# QAOA simulation with noise mitigation

This notebook shows a simulation of QAOA with an error mitigation based on a neural network.

## Graph loading

First, we load a 10 node graph. We also plot it with the nodes color coded according to the maximum cut that we find with CEPLEX.

In [1]:
import json
import matplotlib.pyplot as plt
import networkx as nx

from qiskit_optimization.algorithms import CplexOptimizer
from qiskit_optimization.applications import Maxcut

In [2]:
data = json.load(open("../data/graphs/10nodes/graph_2layers_0seed.json", "r"))
graph = nx.from_edgelist(data["Original graph"])

In [3]:
max_cut = Maxcut(nx.adjacency_matrix(graph))
problem = max_cut.to_quadratic_program()

optimizer = CplexOptimizer()
cplex_result = optimizer.solve(problem)

colors = [[102/255, 210/255, 172/255] if x == 0 else [60/255, 82/255, 150/255] for x in cplex_result.x]
fig, ax = plt.subplots(1, 1, figsize=(4, 3))
pos = nx.spring_layout(graph)
nodes = nx.draw_networkx_nodes(graph, pos, node_color=colors, ax=ax)
nx.draw_networkx_edges(graph, pos, width=2, ax=ax)
nodes.set_edgecolor("k")
plt.box(False)

## Backend creation

We create a noisy backend to work with. The noise of this backend is stronger than the actual noise of an IBM Quantum backend so that a depth-two QAOA circuit with ten nodes is close to the limit of what the error mitigation can handle. We build a noise model with short-lived qubits. Their $T_1$ and $T_2$ times are sampled from a Gaussian distribution with $10~\mu s$ mean and $10~ns$ standard deviation. Based on these durations, a thermal relaxation noise channel is applied to the CNOT gates lasting $\tau_{\rm cnot} = 300~ns$. This is a strong noise model for the 102 CNOT gates in the
QAOA circuit as understood, e.g., by $\exp\{-\tau_{\rm cnot}/T_1\}$ which gives 97% as proxy for the gate fidelity. The other circuit instructions are noiseless.

In [4]:
import numpy as np

from qiskit_aer import QasmSimulator
from qiskit_aer.noise import NoiseModel, thermal_relaxation_error

In [5]:
T1s = np.random.normal(10000, 10, len(graph)) # Sampled from normal distribution in ns
T2s = np.random.normal(10000, 10, len(graph))
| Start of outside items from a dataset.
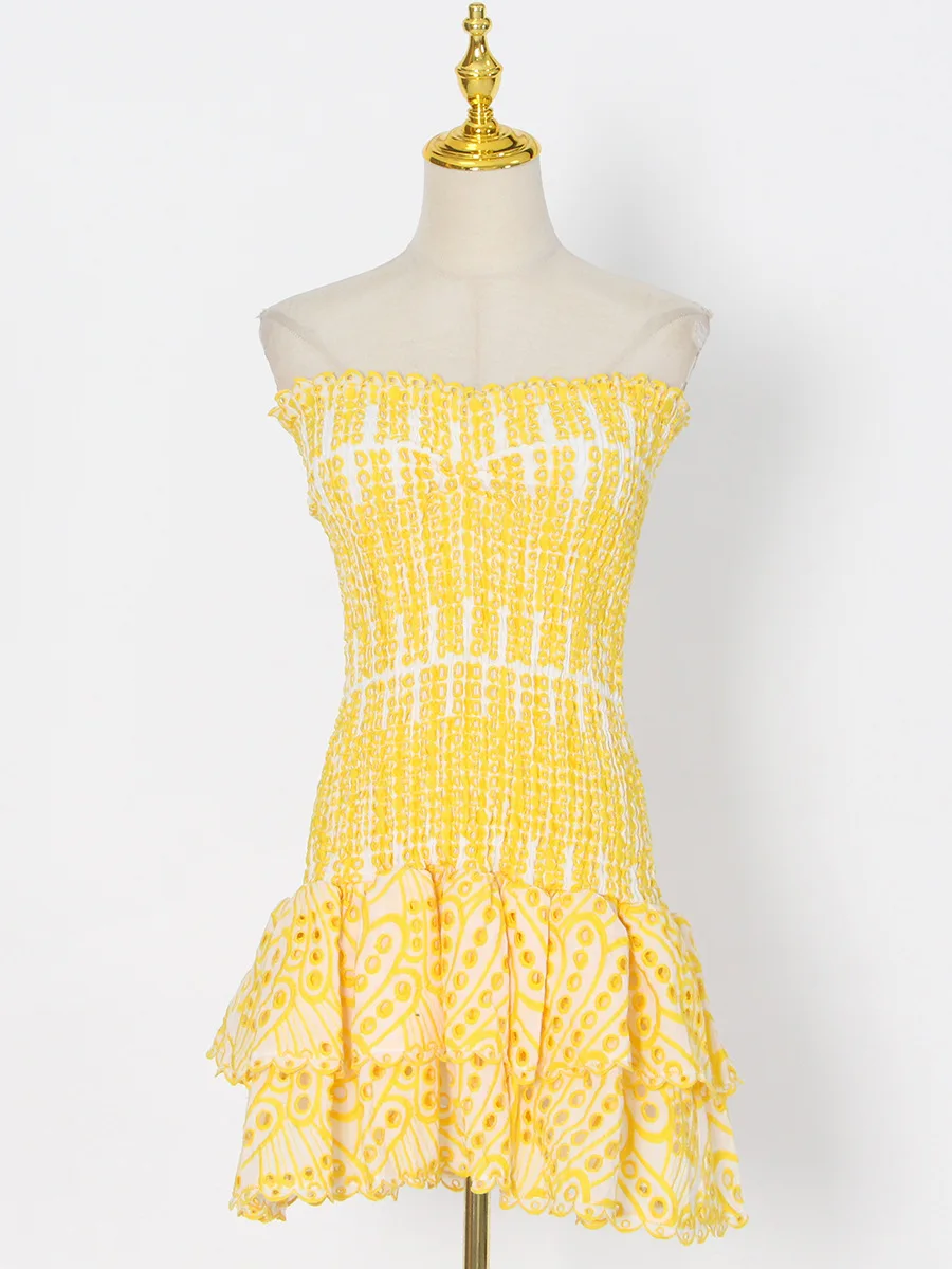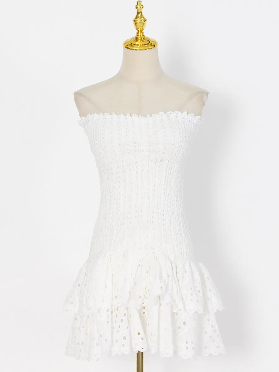 Embroidery Cut Out Mini Dress Strapless Off Shoulder High Waist  Slim Short Hollow Out Dresses
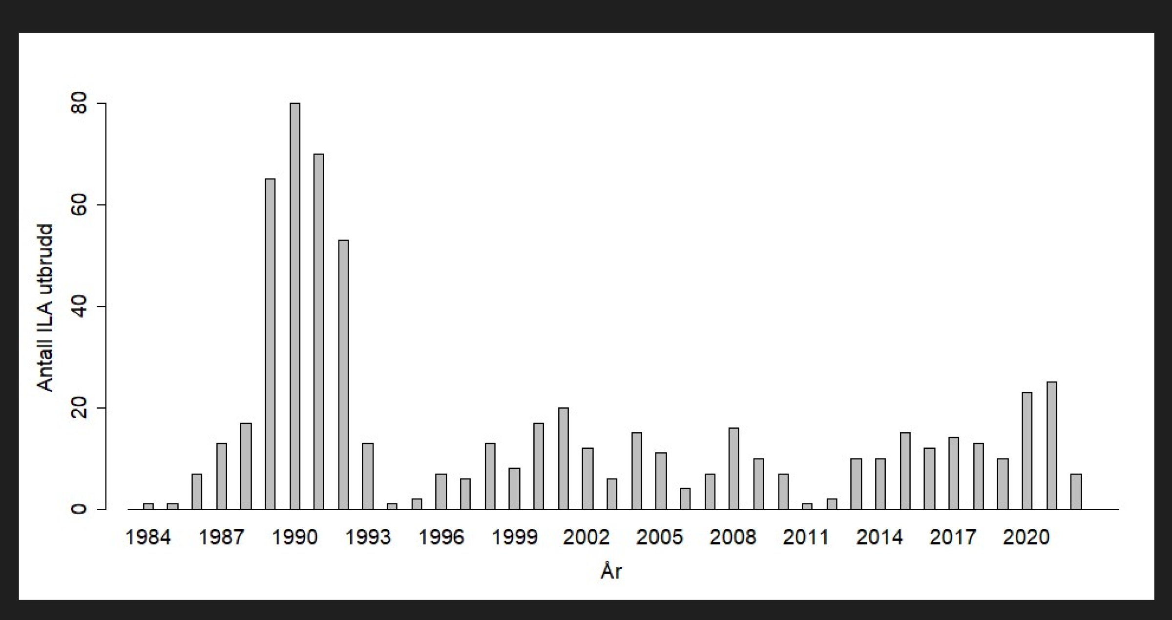 Både i 2020 og 2021 lå antall ILA-tilfeller godt over gjennomsnittet, som for perioden 1993-2020 var 10 tilfeller årlig.
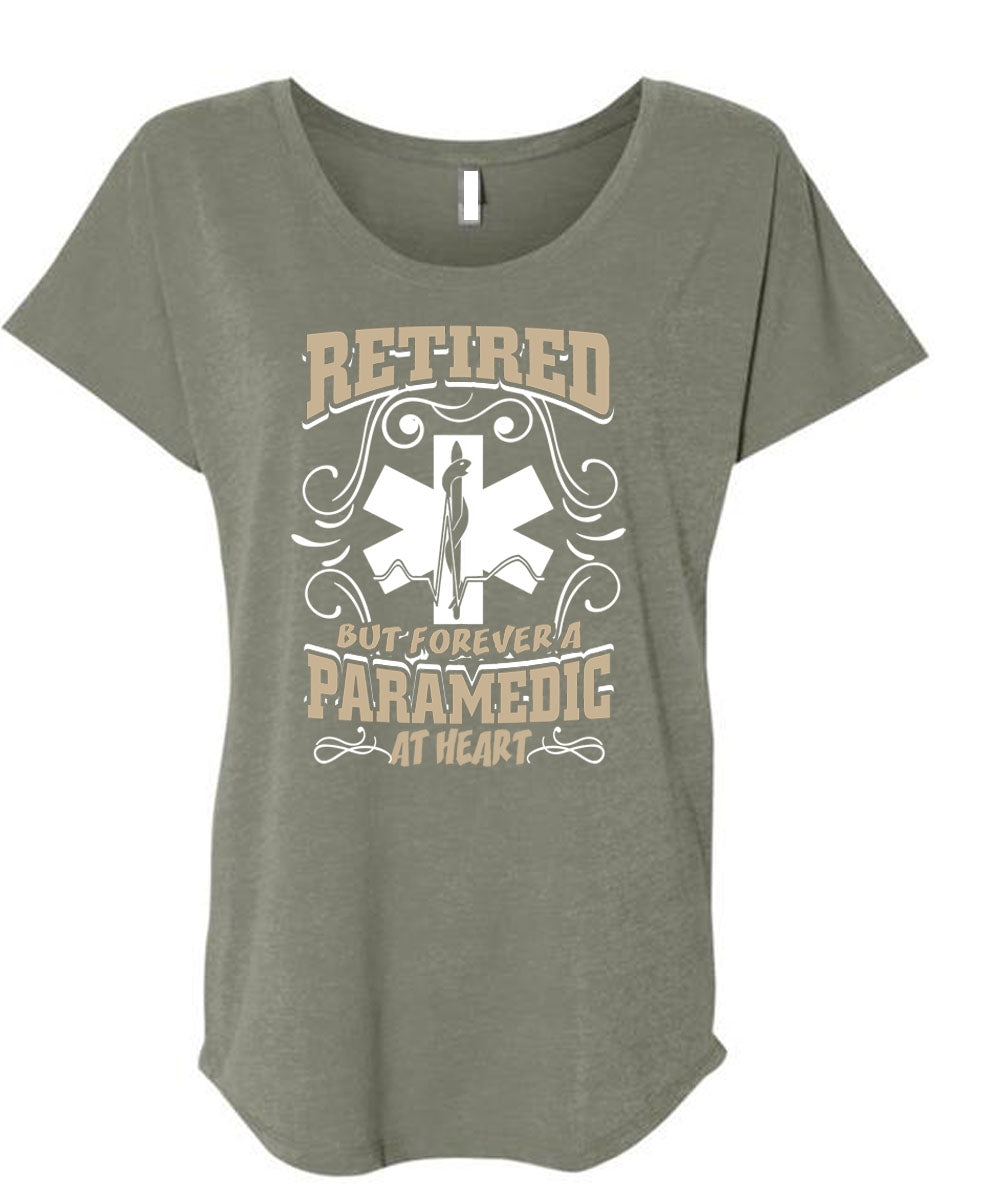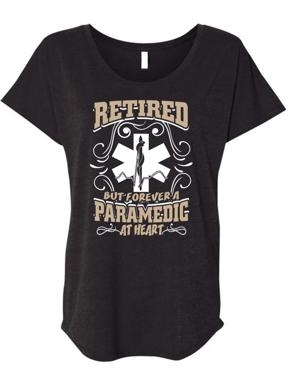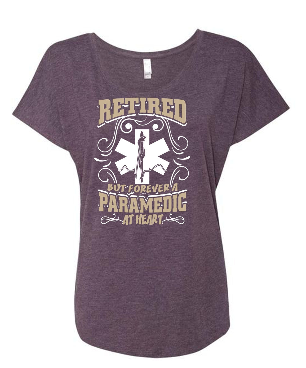 Retired But Forever A Paramedic At Heart T Shirt, Being A Paramedic T Shirt, Cool Shirt (Ladies' Triblend Dolman Sleeve)
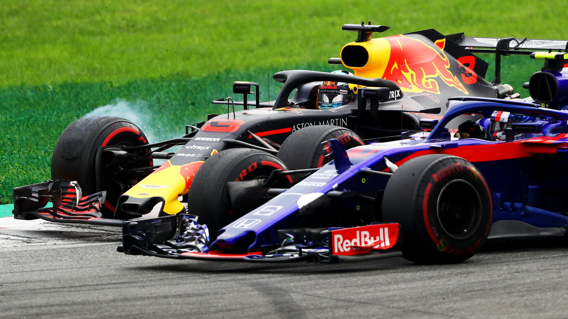 Daniel Ricciardo při předjíždění Pierra Gaslyho v závodě v Monze
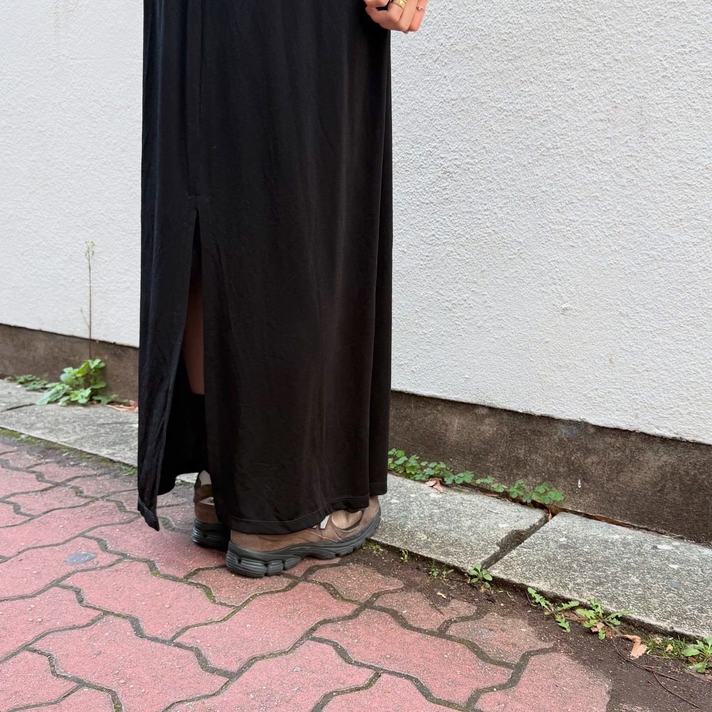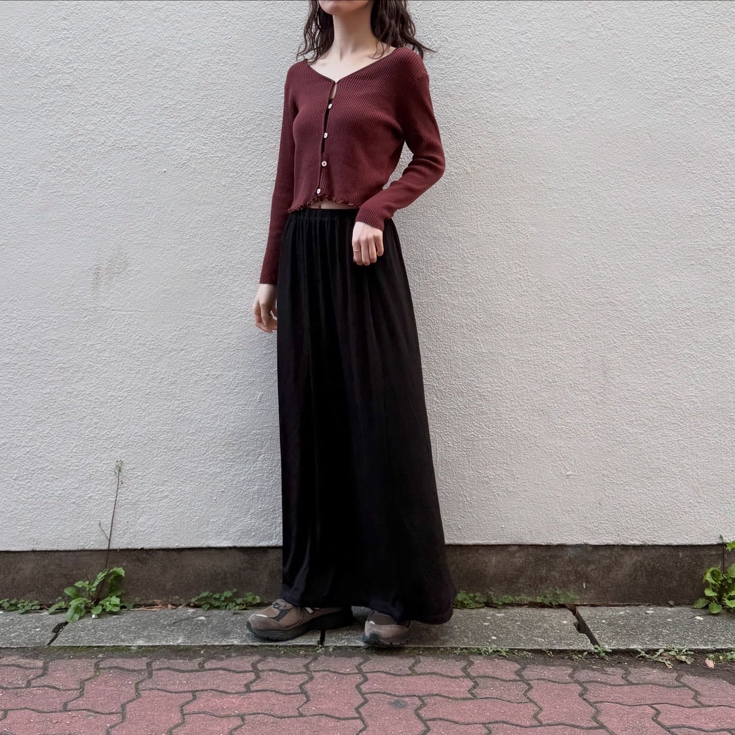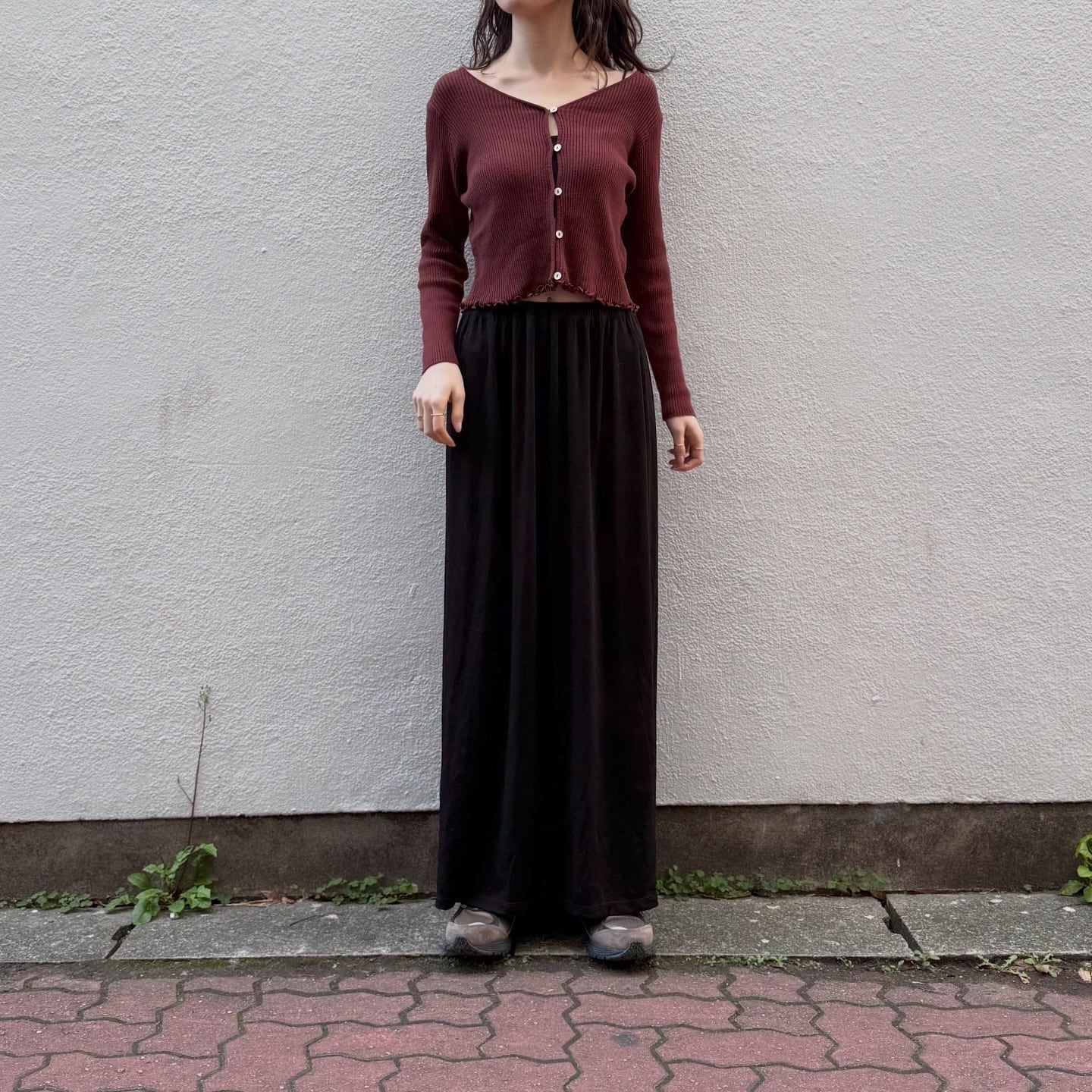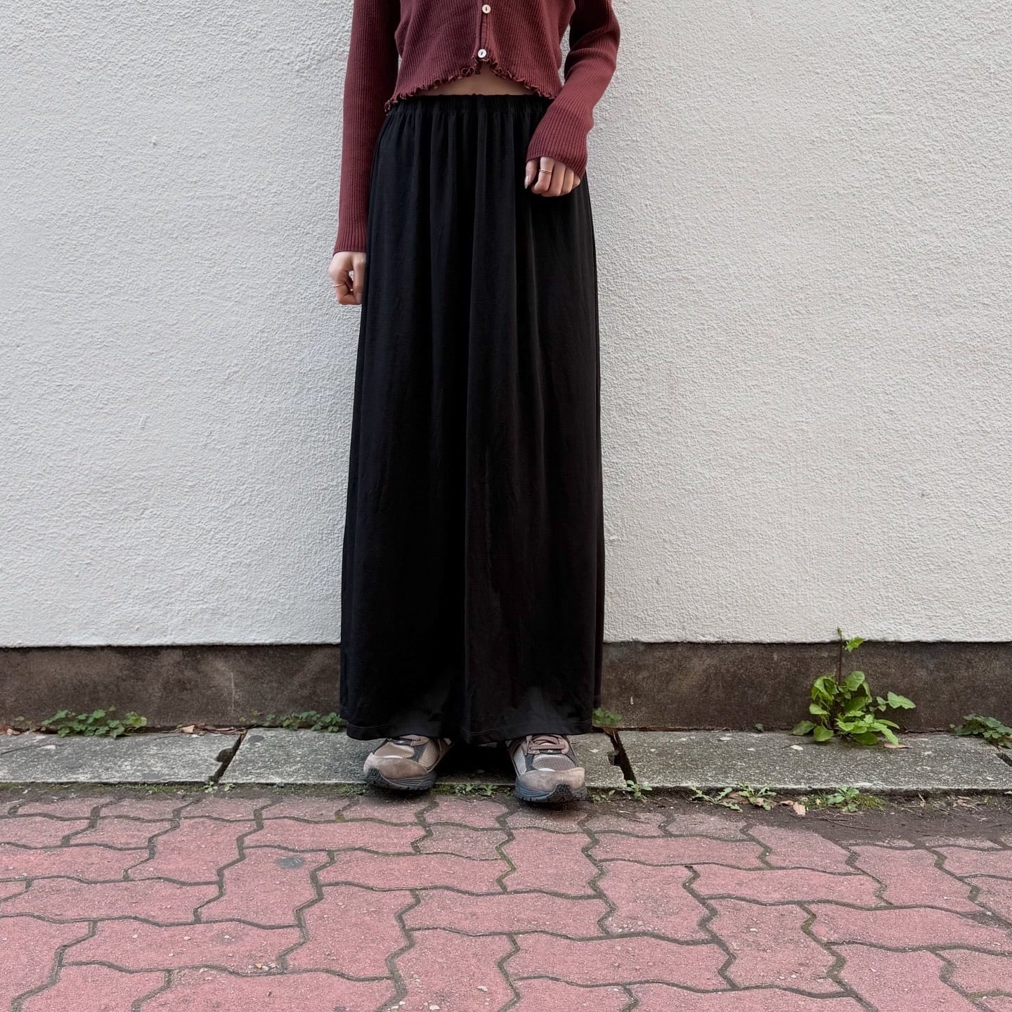 伸縮性のあるさらっとした生地感のスパンデックス混のスカートです。

# Truncate random T2s <= T1s
T2s = np.array([min(T2s[j], 2 * T1s[j]) for j in range(len(graph))])

time_cx = 300  # CX Instruction times (in nanoseconds)

# QuantumError objects
errors_cx = [
    [
        thermal_relaxation_error(t1a, t2a, time_cx).expand(thermal_relaxation_error(t1b, t2b, time_cx))
        for t1a, t2a in zip(T1s, T2s)
    ]
    for t1b, t2b in zip(T1s, T2s)
]

# Add errors to noise model
noise_thermal = NoiseModel()
for j in range(len(graph)):
    for k in range(len(graph)):
        noise_thermal.add_quantum_error(errors_cx[j][k], "cx", [j, k])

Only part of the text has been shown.